Strasburgo, 2000 |
Chegamos ao final de mais uma semana,
sem grandes modificações no panorama geral. As crises política e econômica,
esta agravada pela ocorrência da pandemia, seguem a pleno vapor. Não seria
exagero dizer que o ano de 2020 está perdido, no que diz respeito a uma vida
social saudável. Talvez ainda demore o contato com as pessoas queridas, meus
pais, minha irmã, minha amada Moniquinha e demais amigos. O convívio livre,
aberto, despreocupado, como conhecíamos até o princípio deste ano, dá mostras
que irá custar a voltar. Tenho prometido à Mônica que delimitei um prazo, que
na pior das hipóteses em dezembro nos encontramos para a passagem de ano. Falei
isso sem qualquer comprovação científica. Na Nova Zelândia já faz algumas
semanas que a vida retornou ao normal, mas lá as providências foram fortes
desde o início. Havia um governo decidido a tomar iniciativas, e favoráveis ao
bem-estar da população, e o ônus tornou-se dividendo.
Por aqui, não há ônus nem dividendo,
pois a proposta principal desse desgoverno parece ser bem-sucedida em meio ao
caos, ou seja, a destruição das instituições, a destruição da cultura, a
destruição da educação. O punhado de irresponsáveis inconsequentes – sem que
sejam imbecis, pois sabem cumprir suas fúteis tarefas políticas – destroçam o tecido social e
junto, o discernimento do que é importante para a sociedade. Principalmente
esse capitão desregulado que atua aos trancos e barrancos, entre demissões de
ministros, disputas com a mídia corporativa e decisões personalistas,
escondendo com isso os avanços de uma política neoliberal de privatizações, ou
de destruição das empresas públicas, patrocinada por seu ministro Paulo Guedes.

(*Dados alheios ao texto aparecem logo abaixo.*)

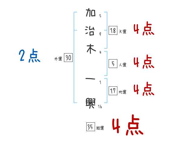 加治木一興さんの画数の鑑定結果
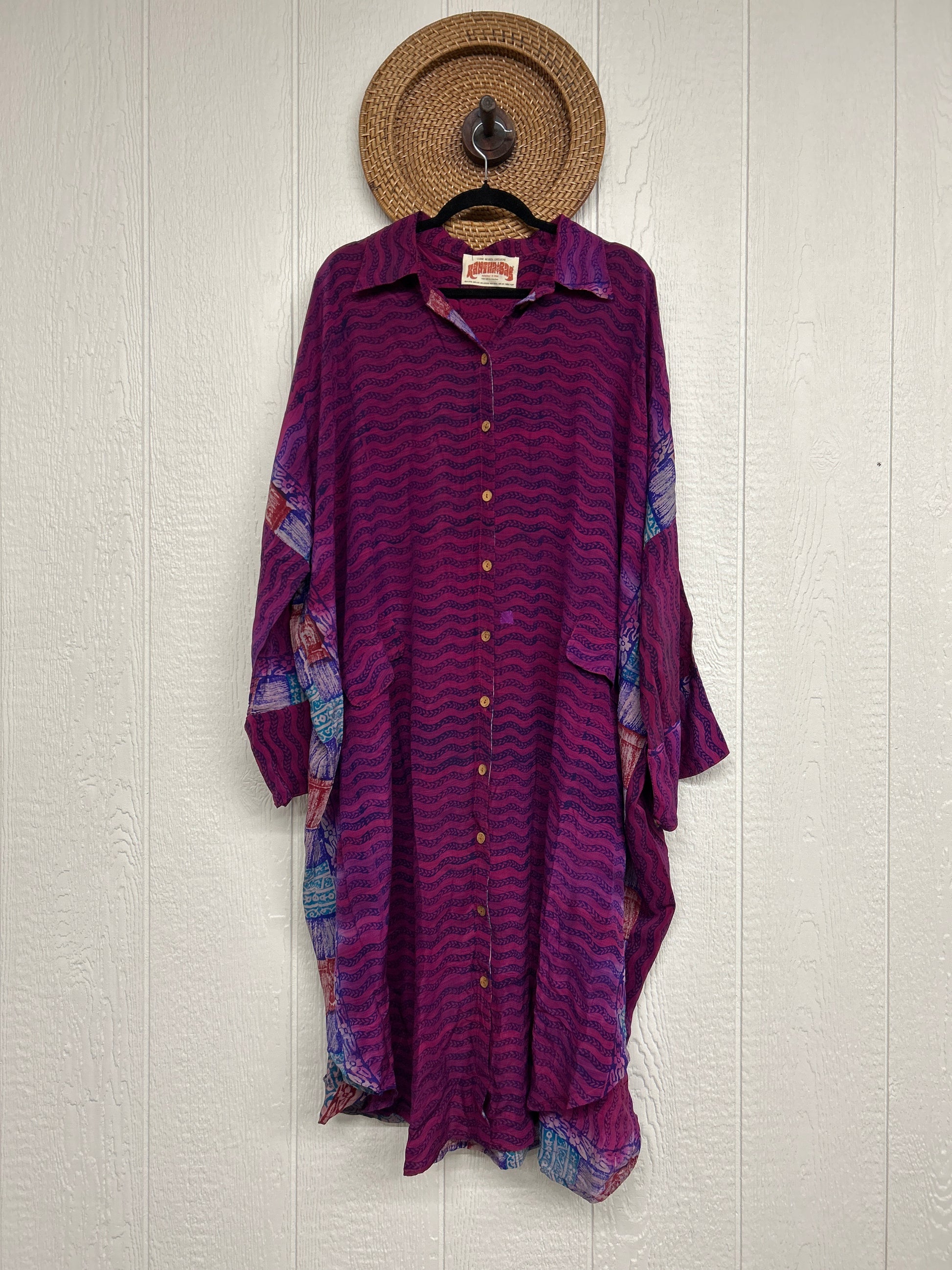Made from our vintage crepe sari, this billowy dream functional buttons, two deep pockets in the front, dreamy longsleeves and a curved bottom.
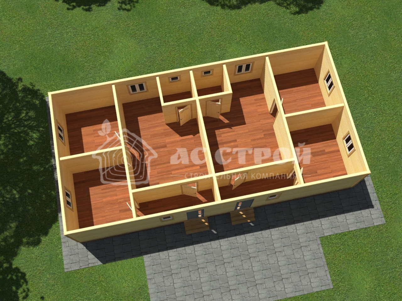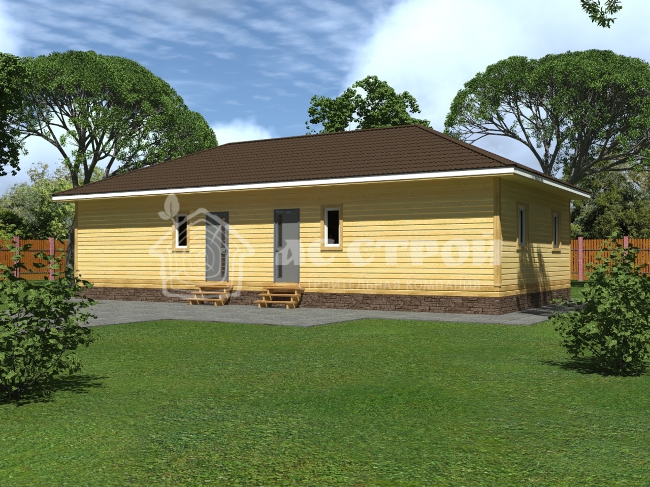 | Сруб дома | Профилированный (строганный) брус 90х140 мм (140х140 мм / 140х190 мм). Атмосферной сушки. Тип бруса на выбор: полукруг (под блок-хаус) или прямой. Все проемы окон и дверей перевязываются. |
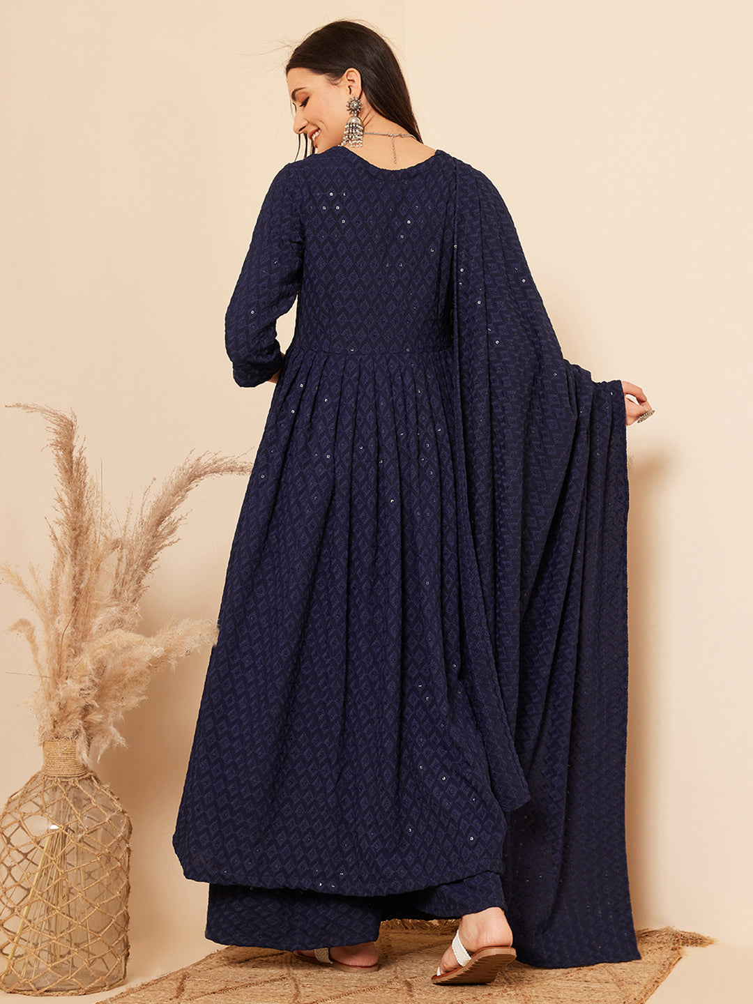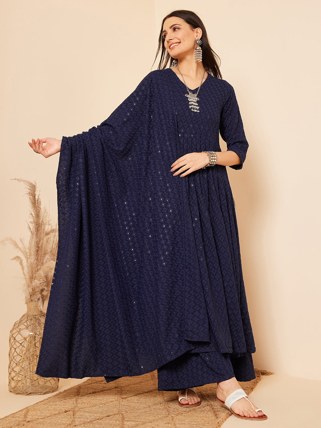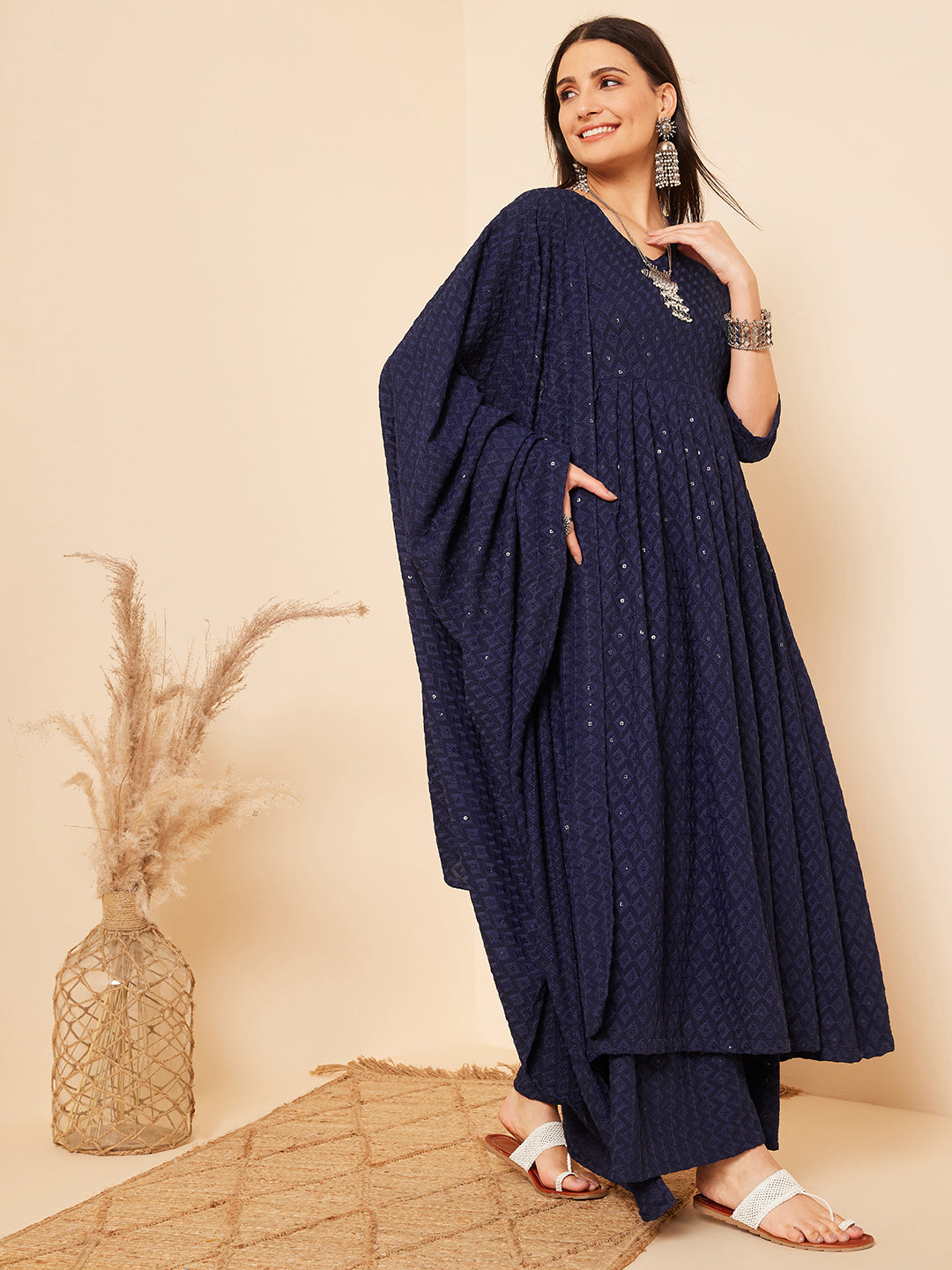 The Set is crafted from best of Indian fabrics. Style it with Oxidised jewelery and juttis and you are good to go for any outing Hand Wash Only Seperately.
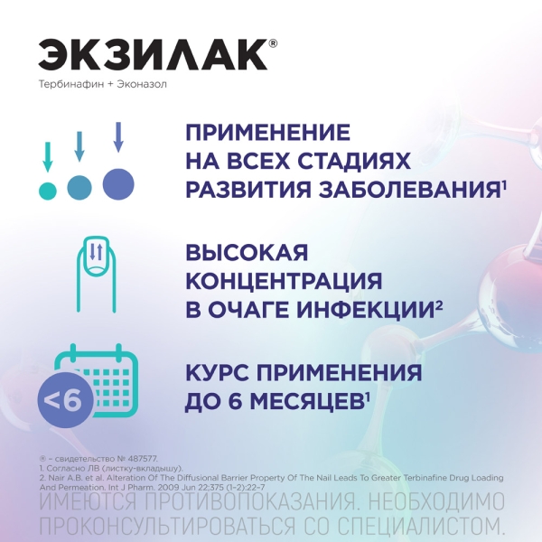 Не применяйте препарат Экзилак, если у Вас аллергия на тербинафин, эконазол или любые другие компоненты препарата (перечисленные в разделе 6 листка-вкладыша).
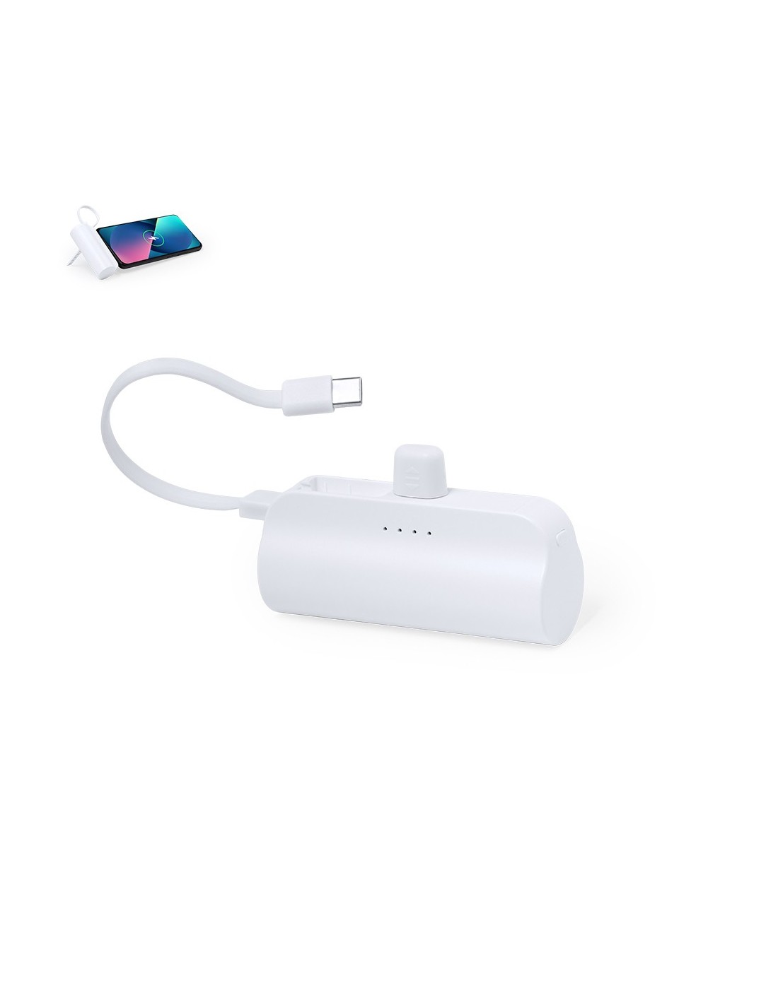 Batería auxiliar externa de 5.000 mAh de capacidad fabricada en resistente ABS. Con original diseño cilíndrico y patilla extraíble que lo convierte en soporte, para todo tipo de dispositivos móviles. Incluye dos salidas y una entrada Tipo C e indicador de estado de carga, con cable Tipo C incluido. Presentada en atractiva caja de diseño kraft, con manual de instrucciones en español e inglés..Las capacidades mostradas en todas nuestras baterías auxiliares externas son reales, incorporando todas ellas baterías de grado A y no recicladas, con una vida útil de al menos 500 ciclos de carga y según normativa CE..Además, están fabricadas conforme a los estándares RoHS y en cumplimiento con los siguientes requisitos de seguridad:.Sistema de protección contra sobrecarga del power bank..Sistema de protección contra descarga completa que proporciona una mayor durabilidad del power bank..Sistema de bloqueo para evitar cortocircuitos..Sistema de transferencia de carga constante, acorde con la capacidad del dispositivo de destino..

Assim, estamos assentados à beira de um
barranco, e a cada sacudida, rolamos um pouco mais ribanceira abaixo. O mais
doloroso de tudo é a destruição de nossa imagem no exterior, de nossa
diplomacia, que nada faz senão desfazer relações e acordos. Há nisso uma
subordinação canalha, obviamente conduzida por esse testa de ferro de nome
Ernesto Araújo, que como boa parte do ministério, se satisfaz em seguir um
ordenamento sem profundidade, imerso em sua opacidade subalterna, onde seu
principal esforço parece se comprazer em sorrisos tolos e falas abjetas. Não
representa uma nova linha no Itamarati, mas ao contrário, é a nulificação de
tudo o que ele representou no cenário internacional. Essa gente não tem brilho
nos olhos, um detalhe subjetivo, mas que parece decisivo para investigarmos a
patetice paralisante que tomou conta do país, e que deve permanecer por mais
dois anos. Já não tenho mais confiança no que pode acontecer vindo das urnas.
Uma parte do país se acomoda em torno desse estado vegetativo, quero dizer,
parcelas de todos os estratos sociais, e que parecem não se dar conta do
vexame, da catástrofe civilizatória.
É o que disse no começo, perdemos nossa
capacidade de discernimento do certo e do errado, do joio e do trigo. As falas
atravessadas, oriundas dos procedimentos criminosos dos gabinetes do ódio e
embasadas em falsas informações, infectam os canais digitais de comunicação
pessoal, desencadeando uma estranha normalidade do mal, algo tão grave e similar
ao controle da segurança do Estado por milícias organizadas. Ou pior, o
conhecimento científico acumulado ao sabor dos sábios piratas neopentecostais,
que destroçam Darwin em nome do criacionismo, que condenam a diversidade humana
em nome de uma interpretação obtusa da palavra sagrada. Nesse quesito, o
fundamentalismo que se impõe é tão ou mais trágico que o preconizado pelos Bins
Ladens do islamismo, posto que é edificado para beneficiar um punhado de
fariseus milionários.
Ouço John Zorn pelo Youtube, Nove Cantici Per Francesco D’Assisi, antes de preparar meu saboroso jantar, arroz integral, feijão preto, pimentão assado com queijo, ovos mexidos e água. O que tem me animado é ler e escrever. Ler teses e dissertações de alunos para bancas e escrever meus textos, publicando-os na medida do possível. Tive dois contos recém-publicados em revistas de literatura eletrônicas, e ontem enviei um texto acadêmico do qual gosto e que será publicado em uma coletânea de artigos, em Porto Alegre. E tenho a reorganização de meus textos do doutorado e do mestrado, e já os enviei para uma editora digital argentina. Também reorganizo meus contos, meu romance, minha peça sobre a Palestina. Esse tempo de imobilidade me permite dormir, falar com meu amor, ler, escrever e fazer minha comida. Tomara que possamos superar esse estágio, para um novo e estimulante salto adiante.